El Banco Mapuche da créditos, incentiva el ahorro de los asociados, y elabora convenios con instituciones, promoviendo la creación de otras cooperativas, y además solidariza activamente con los prisioneros políticos mapuches y sus familiares.

“Nuestra idea es conformarnos en un Banco comunitario de figura toroidal, que se alimenta de sí mismo. Nos encontramos con la fórmula cooperativista que está muy en coincidencia con nuestras tradiciones: el keyuwün -trabajar entre todos-, o el mingako -trabajo colectivo que se hace en el campo-, o el trafkintu -intercambio y comercio justo-, que son parte de nuestras tradiciones. El cooperativismo, como fórmula moderna, nos ofrece esa oportunidad, más aún una cooperativa financiera. Al revisar la ley, nos dimos cuenta que en realidad, si bien por nuestra impronta la cuestión mapuche está muy presente, no era una limitante, como sí lo es en las asociaciones indígenas donde sólo pueden participar quienes acrediten ser de algún pueblo originario. La Cooperativa nos pareció una fórmula para aportar al desarrollo de todo el territorio, más aún con los sujetos de a pie”, señala Vicente Painel.
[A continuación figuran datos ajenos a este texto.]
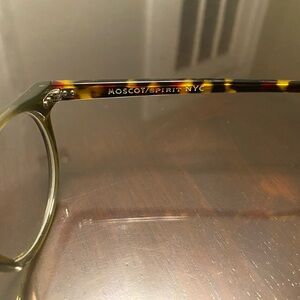 Moscot Frankie eyeglasses, olive front with tortoise temples.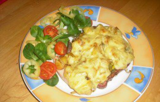 zutaten_2sp"> Zutaten für Personen Rezept mit Bild: Kasseler Hawaii Bild einstellen 2 Kasselerkotelett etwas Lauch Ananas frisch Zwiebel Salz, Pfeffer, etwas Chili 2 Scheiben Gouda R [...]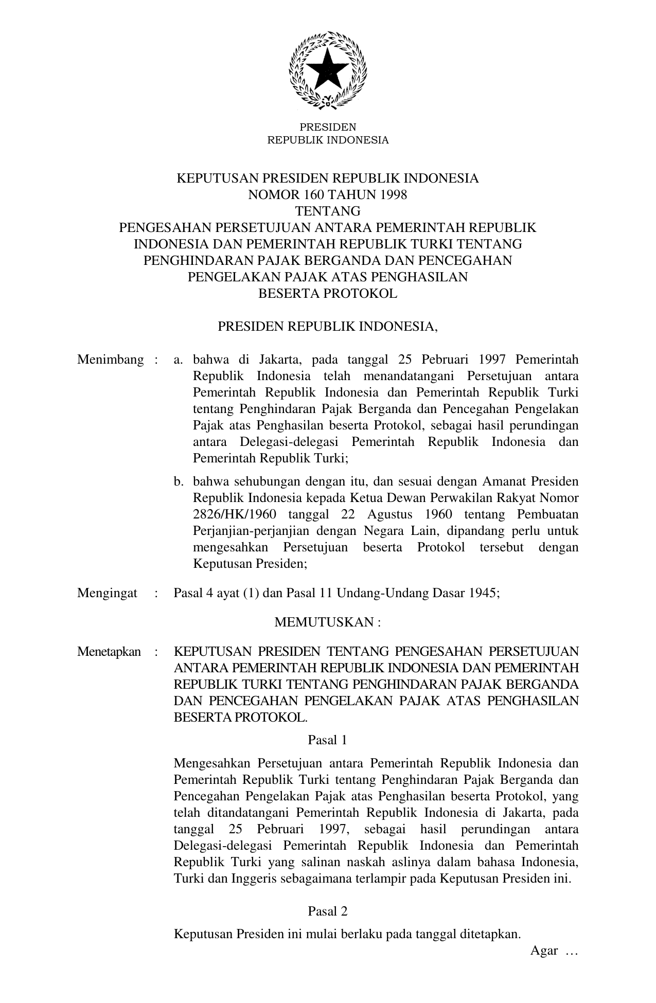 KEPPRES Nomor 160 Tahun 1998 | Keputusan Presiden Nomor 160 Tahun 1998 tentang PENGESAHAN PERSETUJUAN ANTARA PEMERINTAH REPUBLIK INDONESIA DAN PEMERINTAH REPUBLIK TURKI TENTANG PENGHINDARAN PAJAK BERGANDA DAN PENCEGAHAN PENGELAKAN PAJAK ATAS PENGHASILAN BESERTA PROTOKOL

Relata que en Suiza existe WIR, un banco y organización independiente de moneda complementaria que sirve a empresas de hotelería, construcción, manufacturas, comercio minorista y servicios profesionales, entre otros. WIR emite y gestiona una moneda privada llamada “wir franc”, que se utiliza en forma combinada con el franco suizo. “WIR es un banco enorme. Todos negocian con su moneda. Creció tanto que el estado les impuso como restricción utilizar como mínimo un 35% en francos suizos”, dice. “Ese ejemplo queremos seguir. Construir a futuro nuestra propia moneda y, de paso, reconstruir nuestra economía. Pero hay que ser realistas. Para proclamar una moneda necesitamos una logística que haga real este cambio, y en eso estamos trabajando”.

Huichalaf concluye: “Agradecemos y valoramos la labor que durante todos estos años nos ha entregado el medio alternativo El Ciudadano, poniendo en diálogo a las instituciones de base y a la ciudadanía. Estamos hoy más y mejor informados gracias a la labor de El Ciudadano. Así también, la Cooperativa Küme Mogen busca ser un espacio para el trabajo solidario, para el trabajo de la economía y motorizarla en una de las regiones, sino la más pobre, de las más pobres del país. Acá en el Wallmapu está nuestra acción, pero también en todo Chile. Puedes unirte desde cualquier punto del país y formar parte de la economía social y solidaria, que hoy tiene casi mil socios, y que ha entregado alrededor de 400 créditos populares de libre disposición, y que se preocupa por el desarrollo no solamente local, sino que también por la defensa de los derechos de la Ñuke Mapu, nuestra madre tierra. Ven, participa con nosotros”.